1993 Russian crewed spaceflight to Mir

Soyuz TM-17 was a Russian spaceflight to the space station Mir, launched on July 1, 1993. It carried Russian cosmonauts Vasily Tsibliyev and Aleksandr Serebrov, along with French astronaut Jean-Pierre Haigneré. It lasted 196 days and 17 hours, making more than 3,000 orbits of the planet Earth.

==Crew==

| Position | Launching crew | Landing crew |
|---|---|---|
| Commander | Vasili Tsibliyev First spaceflight |  |
| Flight engineer | Aleksandr Serebrov Fourth and last spaceflight |  |
| Research cosmonaut | Jean-Pierre Haigneré, CNES First spaceflight | None |

==Mission highlights==

Soyuz TM-17 was the 17th expedition to the Russian Space Station Mir.
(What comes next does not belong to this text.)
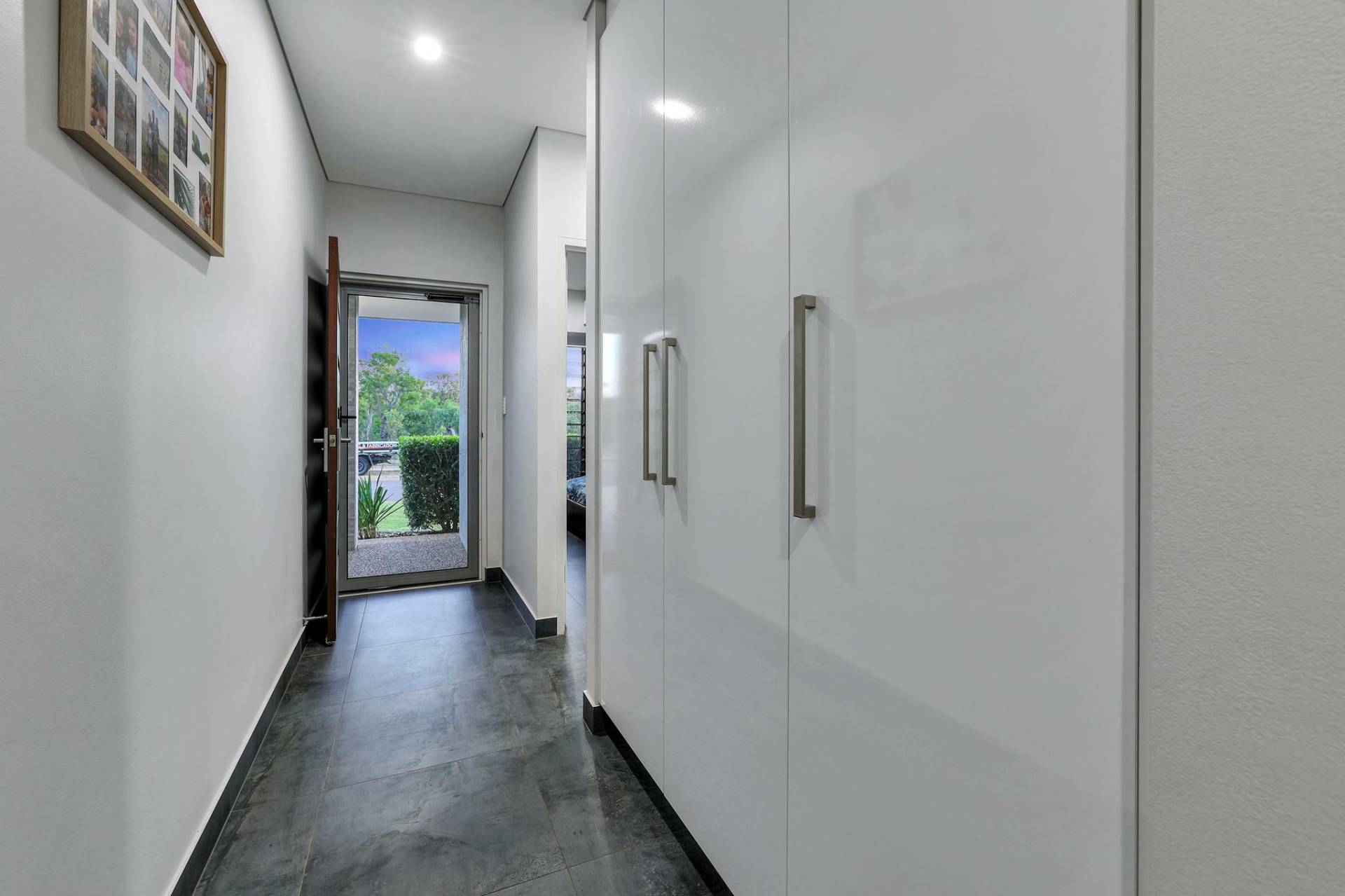 Sliding in the living room open to showcase the verandah and big back yard with easy care gardens and loads of lawns for the kids and pets to play. The home is positioned opposite to a native bushland belt and nearby to parklands with play areas for the kids as well.

At 7:37:11 a.m. Moscow time (MT), on 1994 January 14, Soyuz TM-17 separated from the forward port of the Mir station. At 7:43:59 a.m., the Mission Control Center in Korolev (TsUP) ordered Tsibliyev to steer Soyuz TM-17 to within 15 metres of the Kristall module to begin photography of the APAS-89 docking system. At 7:46:20 a.m., Tsibliyev complained that Soyuz TM-17 was handling sluggishly. Serebrov, standing by for photography in the orbital module, then asked Tsibliyev to move the spacecraft out of the station plane because it was coming close to one of the solar arrays. In Mir, Viktor Afanasyev ordered Valeri Polyakov and Yuri Usachyov to evacuate to the Soyuz TM-18 spacecraft. At 7:47:30 a.m., controllers in the TsUP saw the image from Soyuz TM-17's external camera shake violently, and Serebrov reported that Soyuz TM-17 had hit Mir. The TsUP then lost communications with Mir and Soyuz TM-17. Intermittent communications were restored with Soyuz TM-17 at 7:52 a.m. Voice communications with Mir were not restored until 8:02 a.m. Inspection of Soyuz TM-17 indicated no serious damage. In this connection, the Russians revealed that they had studied contingency reentries by depressurized spacecraft in the wake of the Soyuz 11 accident. The Mir cosmonauts did not feel the impact, though the station's guidance system registered angular velocity and switched to free flying mode.

Later analysis indicated that the right side of the orbital module had struck Mir two glancing blows 2 seconds apart. The impact point was on Kristall, near its connection to the Mir base block. The cause of the impact was traced to a switch error: the hand controller in the orbital module which governed braking and acceleration was switched on, disabling the equivalent hand controller (the left motion control lever) in the descent module. Tsibliyev was able to use the right lever to steer the Soyuz past Mir's solar arrays, antennas, and docking ports after it became clear impact was inevitable.